The problem:
Output everything in the data exactly, leaving the pictures out.

Data below:
□ □ □ □
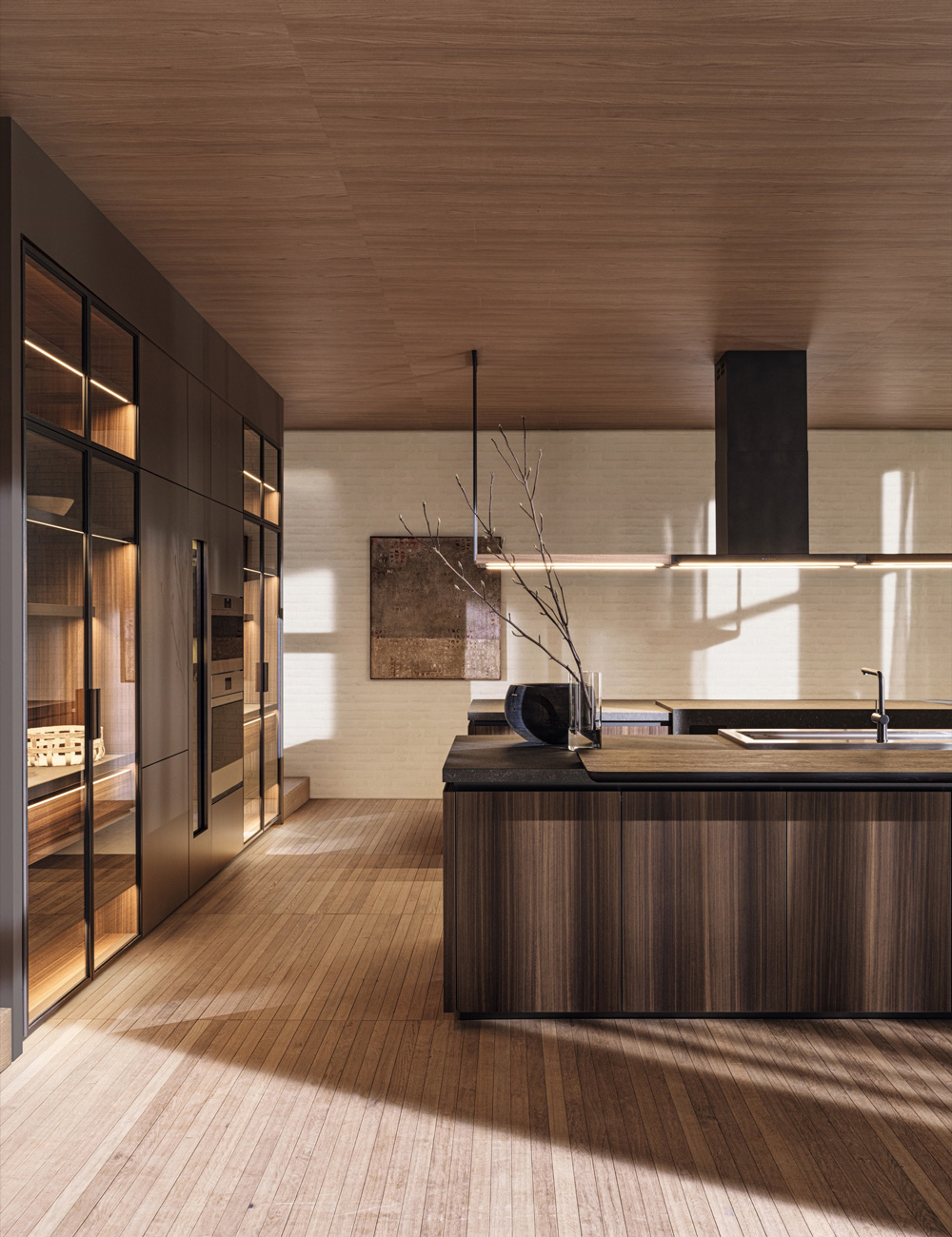 The composition is completed with the new system of shelves with built-in VVD hood and with the new Hi-Line6 snack bar, with its solid light oak and black oak top, featuring bevelled corners and profiles, on a titan and pewter aluminium frame. Precious materials such as eucalyptus for the island base units, with pewter aluminum framed doors, and steel for the top with integrated sink and hob.
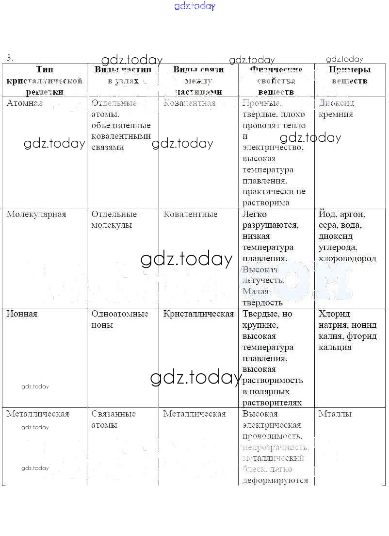 Ответы к Решение к теме: Твердое состояние веществ. Аморфное состояние вещества. Жидкие кристаллы 3 Рабочей тетради по Химии для 11 класса Габриелян, Яшукова Базовый уровень Дрофа 2014
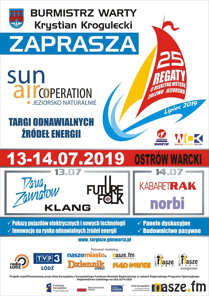 Burmistrz Warty zaprasza na pierwsze w regionie Targi Odnawialnych Źródeł Energii SUN AIR COOPERATION, które odbędą się w dniach 13-14 lipca 2019 r. w Porcie Jachtowym „Jeziorsko” w Ostrowie Warckim. Wydarzenie uświetnią m.in. Daria Zawiałow, Norbi i kabaret RAK. W oba dni na miejsce będzie dojazd i powrót bezpłatnym autokarem.
□ □ □ □
Output for this task:
 The composition is completed with the new system of shelves with built-in VVD hood and with the new Hi-Line6 snack bar, with its solid light oak and black oak top, featuring bevelled corners and profiles, on a titan and pewter aluminium frame. Precious materials such as eucalyptus for the island base units, with pewter aluminum framed doors, and steel for the top with integrated sink and hob.
 Ответы к Решение к теме: Твердое состояние веществ. Аморфное состояние вещества. Жидкие кристаллы 3 Рабочей тетради по Химии для 11 класса Габриелян, Яшукова Базовый уровень Дрофа 2014
 Burmistrz Warty zaprasza na pierwsze w regionie Targi Odnawialnych Źródeł Energii SUN AIR COOPERATION, które odbędą się w dniach 13-14 lipca 2019 r. w Porcie Jachtowym „Jeziorsko” w Ostrowie Warckim. Wydarzenie uświetnią m.in. Daria Zawiałow, Norbi i kabaret RAK. W oba dni na miejsce będzie dojazd i powrót bezpłatnym autokarem.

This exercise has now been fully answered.